In S7, the Collective rallied around the North Star metric of Superchain TVL growth, honing in on initiatives most likely to drive outsized impact towards this Intent. Consistent with this concerted effort, it’s crucial to ensure that all Collective programs—ranging from SuperStacks to Futarchy—are assessed in a unified manner using the same framework, paving the way for a universal, OP-normalized ROI analysis.Against this backdrop, we conducted an observational impact analysis of the grants the Grants Council made in S7, which concluded on June 12, 2025. The intended purpose of this post is to contour preliminary learnings to help inform OP allocation decisions in the S8 cycle.

Methodology

The Foundation collaborated with OpenSource Observer to conduct an observational analysis of net TVL inflows between March 20 and June 12, 2025, which represented the defined incentive period for the issued grants. The analysis focused exclusively on grants that targeted Superchain TVL growth, excluding audit grants, which comprised 10.6% (~990K OP) of the total budget.
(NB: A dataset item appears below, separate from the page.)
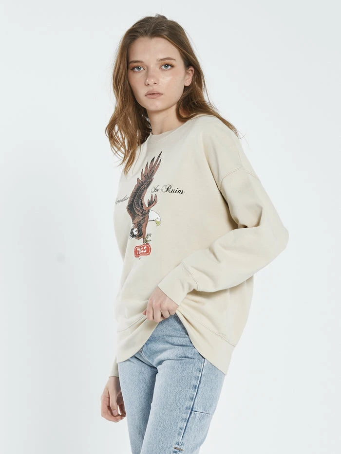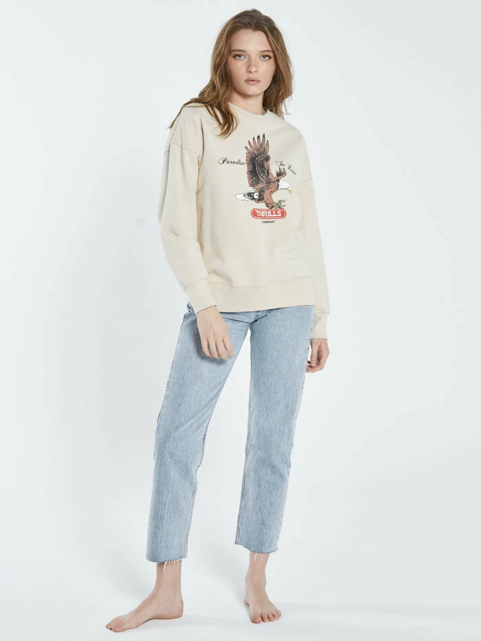 Quintessentially Thrills graphic and we aren’t mad about it. Easy to throw on crew and so easy to pair with almost everything. A classic Thrills piece that you can’t live without.
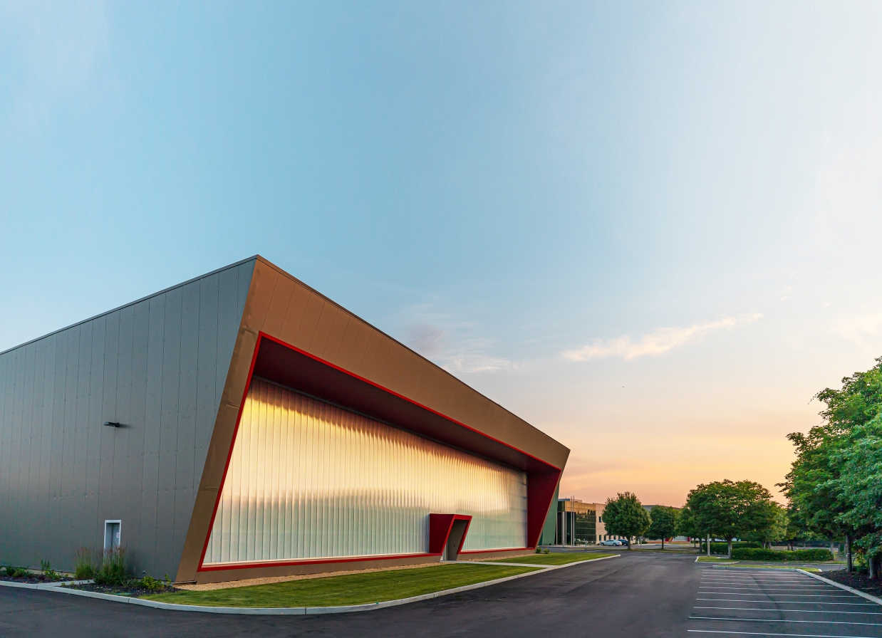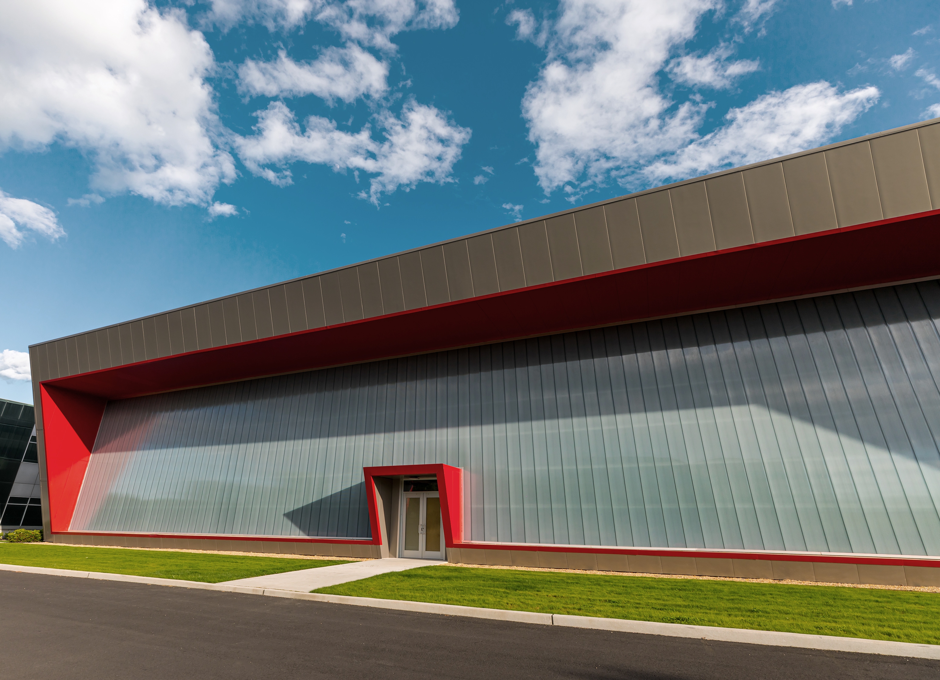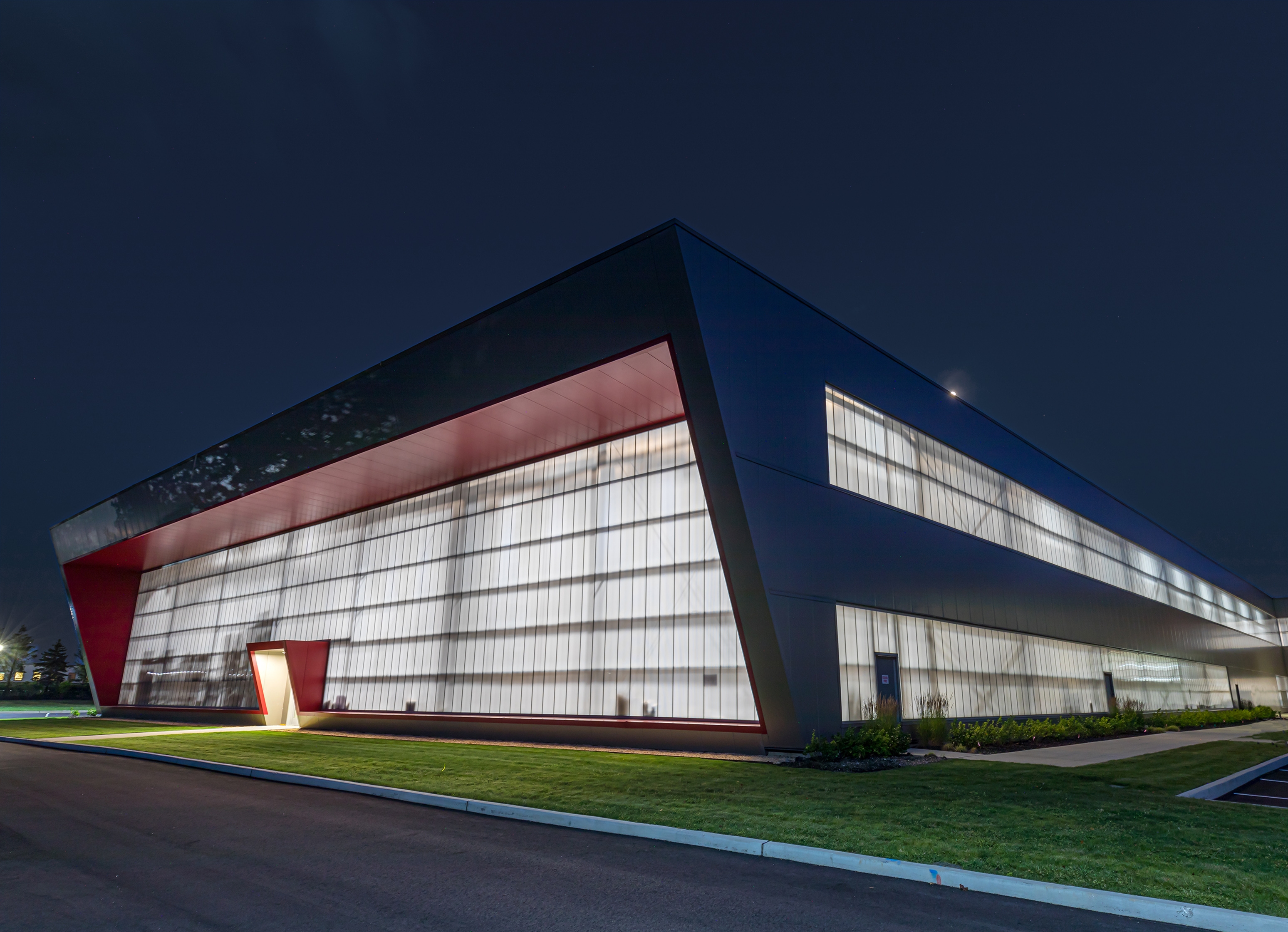 The new warehouses, clad with MBCI metal panels and punctured with bands of polycarbonate sheets allow diffused light into the 33' high spaces. The angled cantilevered front facades provide a canopy above the recessed translucent walls, framing them with red ribboning panels that accentuate the entry facades which glow at night.

For the TVL measurement, we relied on the definition outlined in this glossary and leaned on DefiLlama as the primary data source. Furthermore, the TVL measurement was narrowed down to the chains within the Superchain that the grant intended to impact, as per incentive distribution plan outlined in the grant applications.
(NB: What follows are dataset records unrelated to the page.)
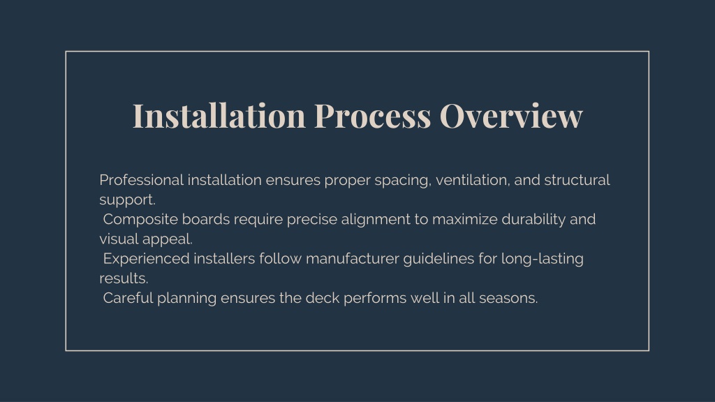 5. Installation Process Overview Professional installation ensures proper spacing, ventilation, and structural support. Composite boards require precise alignment to maximize durability and visual appeal. Experienced installers follow manufacturer guidelines for long-lasting results. Careful planning ensures the deck performs well in all seasons.
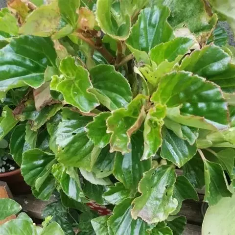 细菌性病害由斑点病菌引起的叶斑病症状:秋海棠非常容易被该种菌所侵染,但是许多生产者对之没有足够的重视,并不认为这是一种病症,因为叶片边缘坏死和叶片斑点是最常见的,几乎所有类型的秋海棠都曾经出现过这种情况。
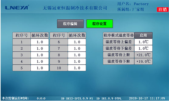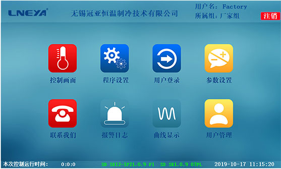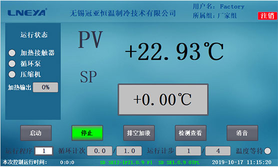 控制畫面,設(shè)置控溫參數(shù),查看實(shí)時(shí)溫度,同時(shí)可以檢測(cè)查看制冷機(jī)組、加熱器、循環(huán)泵工作狀態(tài),當(dāng)前的溫度控制模式,解熱排空的狀態(tài)

In terms of impact attribution, we tried to account for grant scope specificity and concurrently deployed co-incentives targeting the same chains. Specifically, we incorporated this logic into the TVL calculation by lowering the net TVL inflows attributable to the respective grants if other co-incentives were known—either because it was explicitly mentioned in the grant application or because it was public knowledge (e.g. inclusion in SuperStacks)—or if the grant aimed to only incentivize a small subset of the chain’s total market (e.g. a single stablecoin vault).

For example, Sake Finance had net inflows of $9M during the grant period, but this coincided with Soneium’s ACS campaign (which allocated a total of 70M ASTR to DeFi protocols) as well as SuperStacks (which allocated an additional 2M+ in DeFi incentives across the Superchain). Sake Finance was a participant in all three of these incentive programs. As a result, we apply a discount to the net TVL inflows that are attributable to the Grants Council program.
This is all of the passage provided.